Studio album by Christine Ott
- Released: 20 May 2016
- Recorded: 2011–2015
- Genre: Classical crossover, experimental, art music, contemporary classical music
- Length: 44:00
- Label: Gizeh Records
- Producer: Christine Ott

Christine Ott chronology
| Solitude Nomade (2009) | Only Silence Remains (2016) | Chimères (pour Ondes Martenot) (2020) |

= Only Silence Remains =

Only Silence Remains is the second solo album by Christine Ott. It is an album of great variety, instrumental (except the last track Disaster with the spoken voice of Casey Brown), from modern-classic to experimental music. Her approach on this album creates a space where the piano is the focal point and is accompanied by Ondes Martenot, harmonium, tubular bells, percussions and vintage keyboards.

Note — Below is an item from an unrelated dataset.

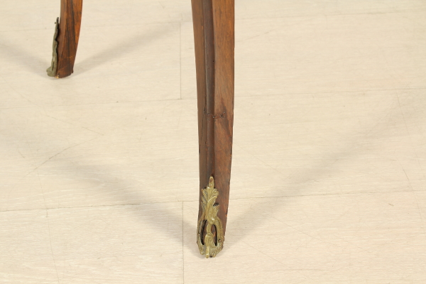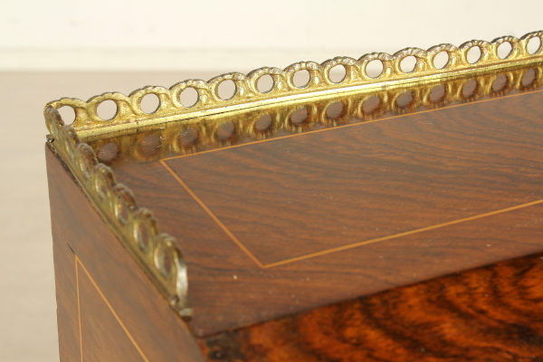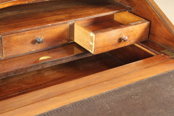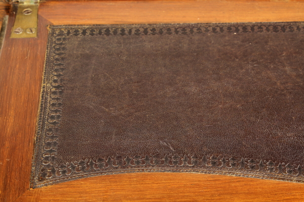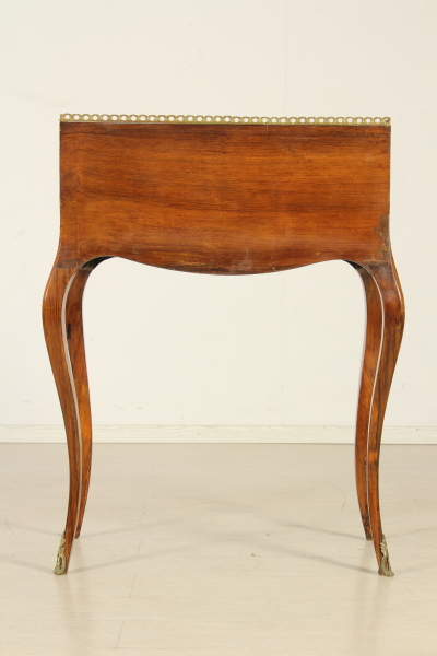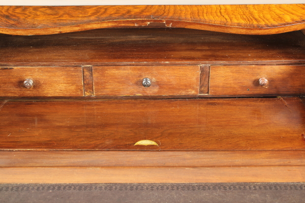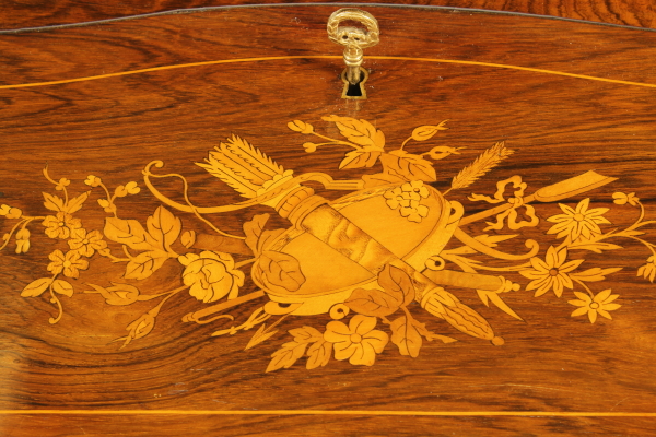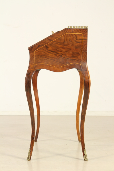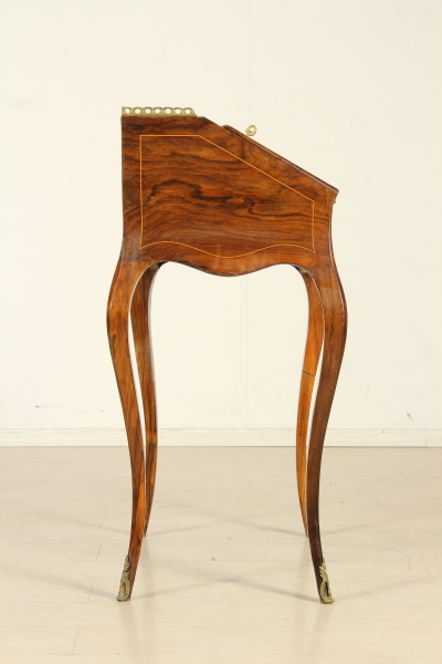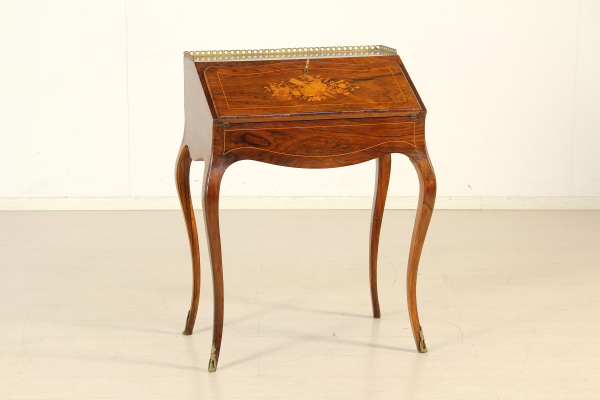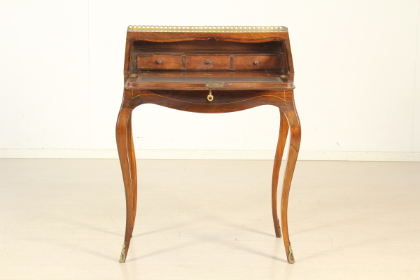 Retta da gambe mosse, presenta fascia e anta a ribalta sagomate. All'interno tre cassettini e vano a giorno. Pianetto in pelle e piano interno scorrevole che svela segreto. Anta riccamente intarsiata. Fregi in ottone.

The album is linked to two original performances of the artist; 24 heures de la vie d'une femme and the live soundtrack Tabu.

==Track listing==
All music and lyrics are written by Christine Ott

1. À mes étoiles - 3:38
2. Szczecin - 4:35
3. Sexy Moon - 5:15
4. Raintrain - 6:48
5. No memories - 3:52
6. Danse avec la neige - 4:31
7. Tempête - 9:11
8. Disaster - 5:40

The CD et Vinyl editions contains an alternative introduction of À mes étoiles.